Мгновенно все становятся около постели Ники, на краю которой торжественно устраивается Тамара, заранее смакующая прелесть своей шарады. Пылающими глазами она обводит сомкнувшихся вокруг нее круг одноклассниц.
– Что это, душа моя, скажи: менее восьми, больше шести, ходит туда, сюда… Очень прилично…
В слове «прилычно» Тамара произносит «и», как «ы», как всегда, когда немного волнуется. Кто-то фыркает.
– Medames, наша Шарадзе, душа моя, в математику пустилась. Так цифрами и сеет! – хохочет Ника.
– А ты не смейся, а скажи! Смеяться каждый может, а решить не каждый может, – с апломбом говорит армянка.
– Глупость какая-то, – решает Золотая рыбка и смеется своим стеклянным смешком.
– Сама-то ты глупость. И твой аквариум глупость, – неожиданно вспыхивает Тамара. – А это, что задала я вам, не глупость, а…? Не угадываете? Так вот вам – трамвай.

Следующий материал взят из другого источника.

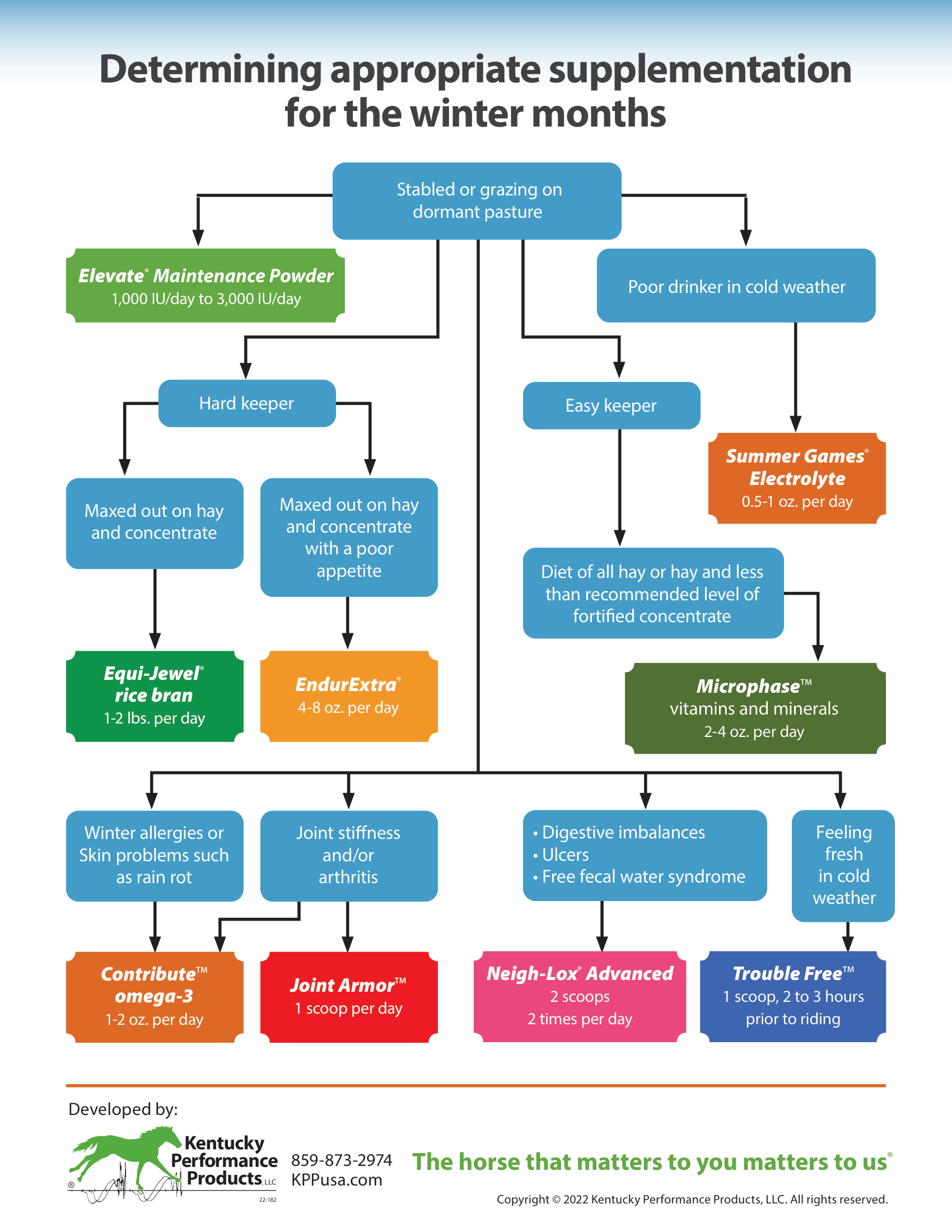 Worried about your horse staying healthy this winter? Targeted supplements can help! Download KPP’s winter decision tree and find out what winter supplements will most benefit your horse.

– Как трамвай? Почему трамвай – звучат удивленные возгласы.
– Ну да, трамвай N 7, душа моя. Ведь по-русски говорила: поменьше восьми, побольше шести, ходит туда-сюда. Очень прилично. Трамвай N 7 и есть.
– Ха! Ха! Ха!
Все хохочут неудержимо, все, кроме Камилавки, которая считает и смех ересью, грехом.
– Medames, тише. «Скифка» из конуры своей выползет сейчас.

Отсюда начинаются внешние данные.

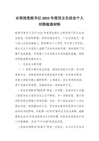 水利局党组书记2025年度民主生活会个人对照检查材料
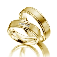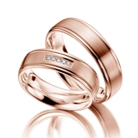 Paar Trauringe/Eheringe in Rotgold 375/- Oberfläche: poliert, längsmatt mit zus. 0,05 ct. Brillant tw, si (Produkt 1 mit Steinbesatz, Produkt 2 ohne Steinbesatz)

Действительно, легкая на помине Августа Христиановна стоит на пороге своей комнаты, хлопает в ладоши и кричит:
– Schlafen, Kinder, schlafen![13]
В один миг все разбегаются по своим постелям. Дежурная щелкает выключателем, и лампочки гаснут, за исключением одной. Дортуар сразу погружается в приятную для глаз полутьму. Теперь фрейлейн Брунс тенью скользит по «промежуткам», то есть по дорожкам-интервалам, образовавшимся между тремя рядами кроватей.

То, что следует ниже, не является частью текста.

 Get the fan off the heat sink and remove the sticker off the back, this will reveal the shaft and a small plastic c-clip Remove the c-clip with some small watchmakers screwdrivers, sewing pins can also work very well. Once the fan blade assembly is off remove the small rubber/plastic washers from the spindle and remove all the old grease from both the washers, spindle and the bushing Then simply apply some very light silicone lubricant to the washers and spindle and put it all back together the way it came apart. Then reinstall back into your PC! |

– Сегодня улеглись без шума. Слава Богу! – говорит сама себе Скифка, заранее мечтающая о теплой постели и завтрашнем свободном от дежурства дне.
Только что-то чересчур уж долго молится Малиновская, стоя на коленях в своем «переулке», и подозрительно шепчется влюбленная парочка – Чернова и Веселовская, – не замышляют ли чего-нибудь на ее счет? От этой Черновой, как и от Баян, всего ожидать можно, обе – «буянки», обе – «сорвиголовы» и «разбойницы», обе из «отпетых», – томится бедная фрейлейн Брунс.
– Чернова, молчать! Не шептаться!
– И ты, Баян, спать! – неожиданно резко раздается ее окрик в полутемном дортуаре.
– Ай! – взвизгивает Золотая рыбка делано испуганным голосом. – Кто это кричит? Я заснула, а меня разбудили…
– Трамвай N 7! – торжествующе поднимает голос армянка.
– Ха, ха, ха! – забывшись, громко хохочет Ника.
– Баян! Сейчас же спать.
– Я сплю… – покорно соглашается Баян.
Смех ее смолкает мгновенно. Легкий вздох вы рывается из груди. Два обстоятельства волнуют Нику. Во-первых, необходимо восстановить полную тишину в дортуаре и дать Скифке убедиться в общем спокойствии, а во-вторых… Это «во-вторых» смущает Нику не меньше. Там, в «Долине вздохов», или попросту, на площадке церковной лестницы, ждет ее «Сказка».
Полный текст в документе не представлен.